> **EXERCISE DETAILS**: Exact reproduction is required for the lines below starting at the line with "Thiết kế Sang" and ending at the line with "近日,生命科学学院在理工楼1", both included. No other lines, and no pictures.

> **EXERCISE MATERIAL**:
★ ★ ★ ★ ★ ★ ★
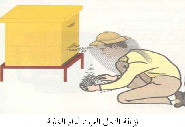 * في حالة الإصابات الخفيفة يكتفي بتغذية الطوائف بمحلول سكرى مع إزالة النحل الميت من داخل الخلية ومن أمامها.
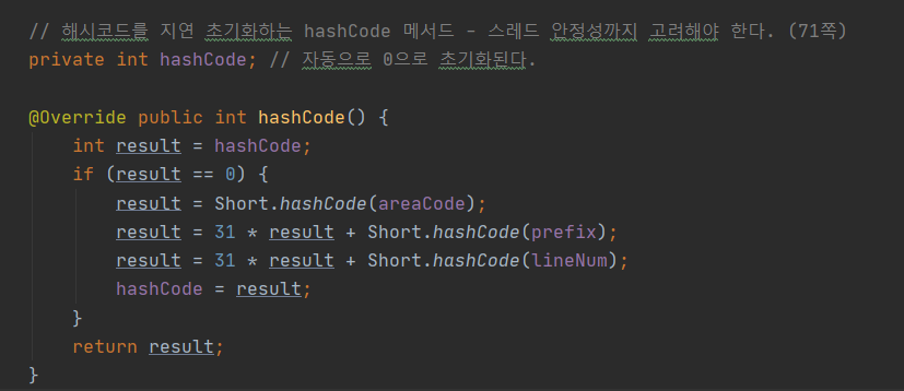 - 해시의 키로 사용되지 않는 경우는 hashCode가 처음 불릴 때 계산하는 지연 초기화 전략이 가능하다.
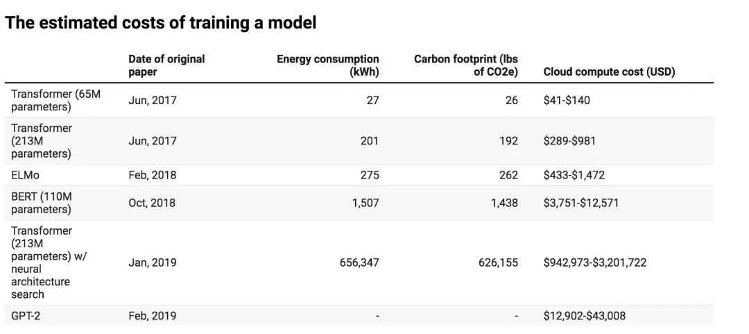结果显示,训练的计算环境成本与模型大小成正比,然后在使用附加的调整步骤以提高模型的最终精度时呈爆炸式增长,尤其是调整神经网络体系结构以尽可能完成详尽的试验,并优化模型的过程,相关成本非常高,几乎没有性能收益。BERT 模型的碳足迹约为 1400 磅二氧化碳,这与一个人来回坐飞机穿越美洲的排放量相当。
★ ★ ★ ★ ★ ★ ★
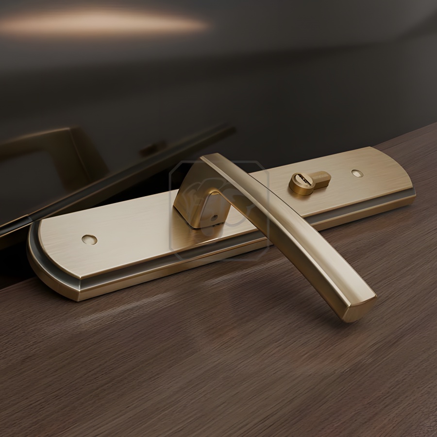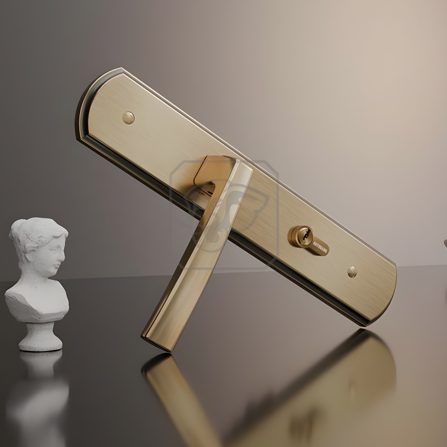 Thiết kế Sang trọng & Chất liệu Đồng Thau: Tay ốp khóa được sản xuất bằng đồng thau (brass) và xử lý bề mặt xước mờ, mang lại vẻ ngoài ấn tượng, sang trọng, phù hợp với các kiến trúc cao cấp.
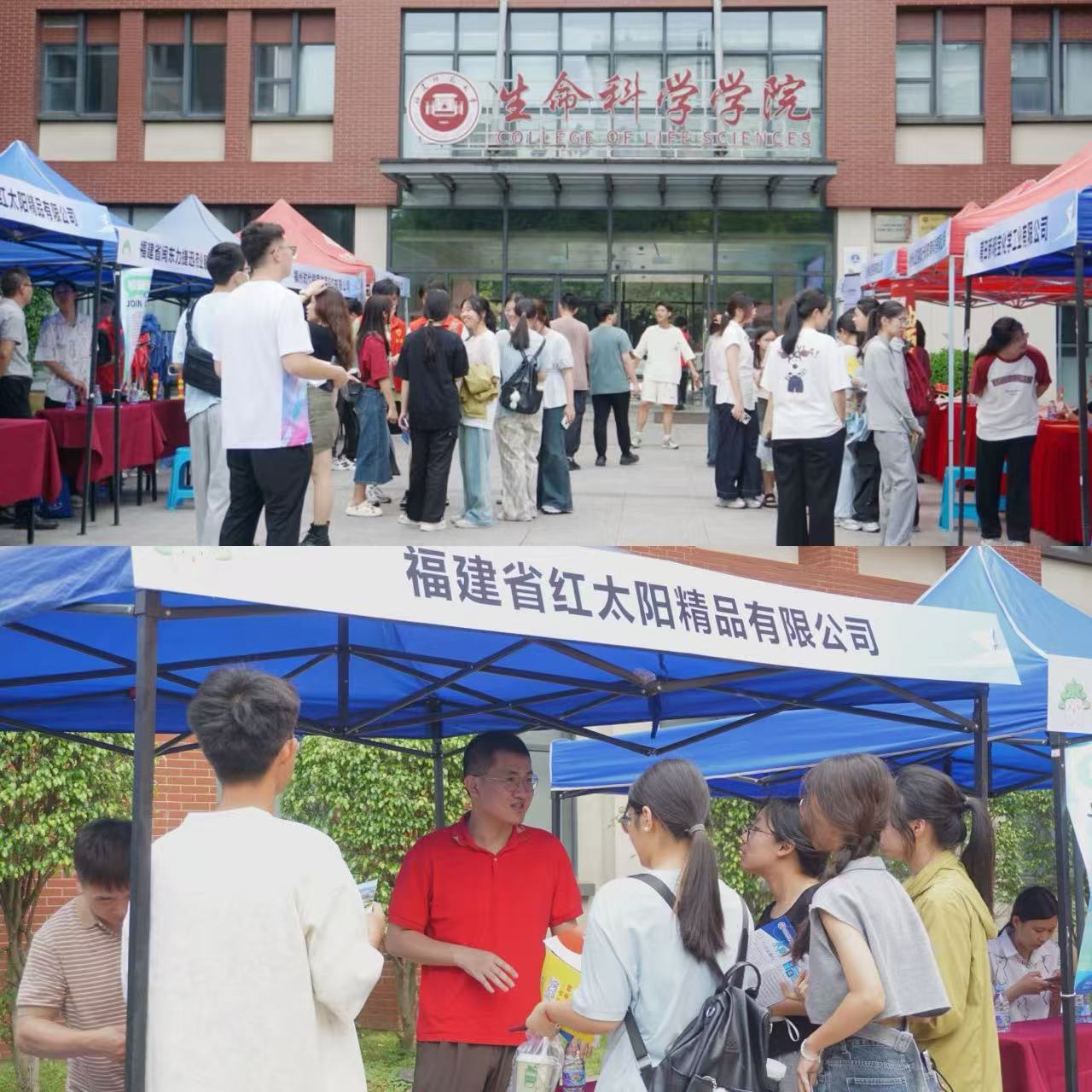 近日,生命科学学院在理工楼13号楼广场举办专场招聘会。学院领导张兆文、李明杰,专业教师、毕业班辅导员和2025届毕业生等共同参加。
★ ★ ★ ★ ★ ★ ★
> **TASK ANSWER**:
 Thiết kế Sang trọng & Chất liệu Đồng Thau: Tay ốp khóa được sản xuất bằng đồng thau (brass) và xử lý bề mặt xước mờ, mang lại vẻ ngoài ấn tượng, sang trọng, phù hợp với các kiến trúc cao cấp.
 近日,生命科学学院在理工楼13号楼广场举办专场招聘会。学院领导张兆文、李明杰,专业教师、毕业班辅导员和2025届毕业生等共同参加。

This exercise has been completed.